The observers will be deployed at events where JHRW believes there is a threat of antisemitic abuse occurring.

Mr Neumann explains: “The observers will be properly trained, they will have proper high-viz jackets, with ‘Human Rights Observers’ on. They will record and watch out for incidents for Jew-hate, anything that can be reported. 

Mr Neumann explains that the organisation has assisted British Jews living in “far-flung places” where “they don’t have the sort of communal infrastructure and support”.

JHRW is also actively working to try to end the anti-Israel boycott movement in Britain, with an emphasis on going after any group or organisations perceived to be promoting it. 

Leicester and other local councils which passed anti-Israel motions found themselves facing a discrimination case in the courts, brought by JHRW. 
Although the High Court ruled in favour of the councils last June, in October the government published new guidelines preventing local authorities from using pension funds or procurement money to boycott or divest from Israeli firms.

“JHRW put the council BDS issue on the map”, says Mr Neumann. “It’s no coincidence that when we started bringing these legal actions, this guidance and legislation started happening.”

Other groups, such as the Palestine Solidarity Campaign (PSC) and charity War on Want — which promotes “Israel Apartheid Week” — have also been targeted by JHRW.

In late 2015 an official complaint was made to the Charity Commission regarding War on Want (WoW). However, JHRW is dissatisfied by the commission’s apparent inability to reach a decision on the charity and are, they say, considering other options. 

This aggressive strategy is an example, Mr Neumann says, of throwing some of the tactics used by anti-Israel activists back at them.

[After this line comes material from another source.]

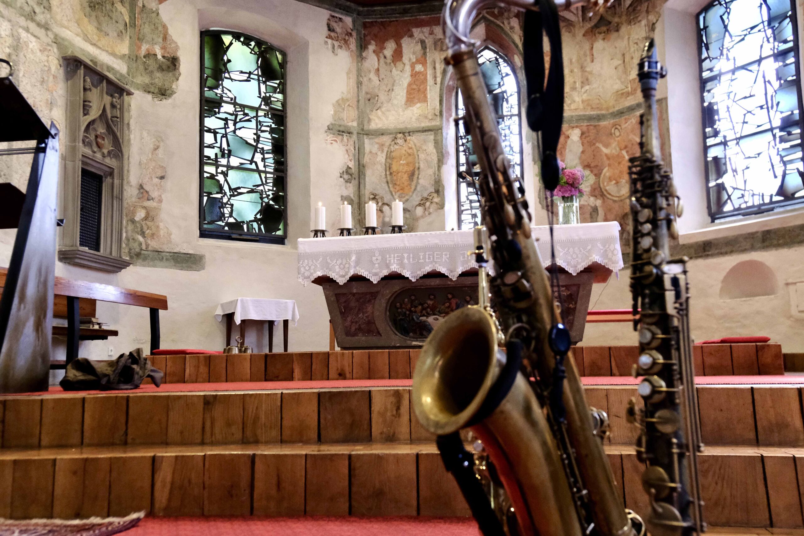 Den eigentlichen Höhepunkt des Festivals allerdings hatten zu diesem Zeitpunkt einige schon erlebt. Und zwar auf völlig unerwartete Weise. Schon um elf Uhr morgens fand sich das gerade erst noch den letzten Schlaf aus den Augen reibende Publikum in der römisch-katholischen, mit schönen Fresken geschmückten Pfarrkirche Reuthe ein, um ein „Blaskonzert“ der ganz besonderen Art zu erleben. „Ward 4“ nennt sich das Quartett des litauischen Saxophonisten Liudas Mockūnas, zu dem mit Simonas Kaupinis und Mikas Kurtinaitis gleich zwei (ganz links und ganz rechts vor dem Altarraum positionierte Tubisten sowie der Schlagzeuger Arnas Mikalkėnas gehört. Letzterer sei „eigentlich ein Pianist“, wusste Liudas Mockūnas zu berichten, „der zum Schlagzeug wechselte, um nicht immer auch Synthesizer spielen zu müssen“.
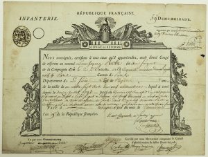 lequel a Servi depuis 1777 au Régiment de Bourbonnais, et en 1792 jusqu'à l'An 9 (1801). Brevet gravé (25 x 34 cm) rempli à l'encre, décoré de soldats.

“Unfortunately the other side are very successful”, he says, “and to date the Jewish community and British Zionists have not used those kind of tactics effectively. We have now decided to adopt them.”

JHRW activists protested outside War on Want’s offices in London and Manchester last year.

Mr Neumann says: “This is a group [WoW] that loves to protest outside Jewish Israeli companies. This is the first time a Jewish group has gone to them and agitated outside their own headquarters and outside their own meetings. It was very unsettling to them. They didn’t like to be on the receiving end of their tactics.”

In terms of future plans, JHRW says that its “attention is increasingly turned to universities, particularly with Israel Apartheid Week, which we believe falls foul of the law.”

Mr Neumann also stresses JHRW does not consider itself to be right or left wing. “We’re not really interested in those labels. We have people who are Conservative Party supporters, Labour Party supporters, swing voters.

“We absolutely applaud this government for what it has achieved on combatting Jew-hate, and if it was a Labour government which had done it then we would applaud it all the same. 

“Our chief and only concern is to advance the cause of Jewish human rights, and whoever wants to assist or facilitate that, we will applaud them.”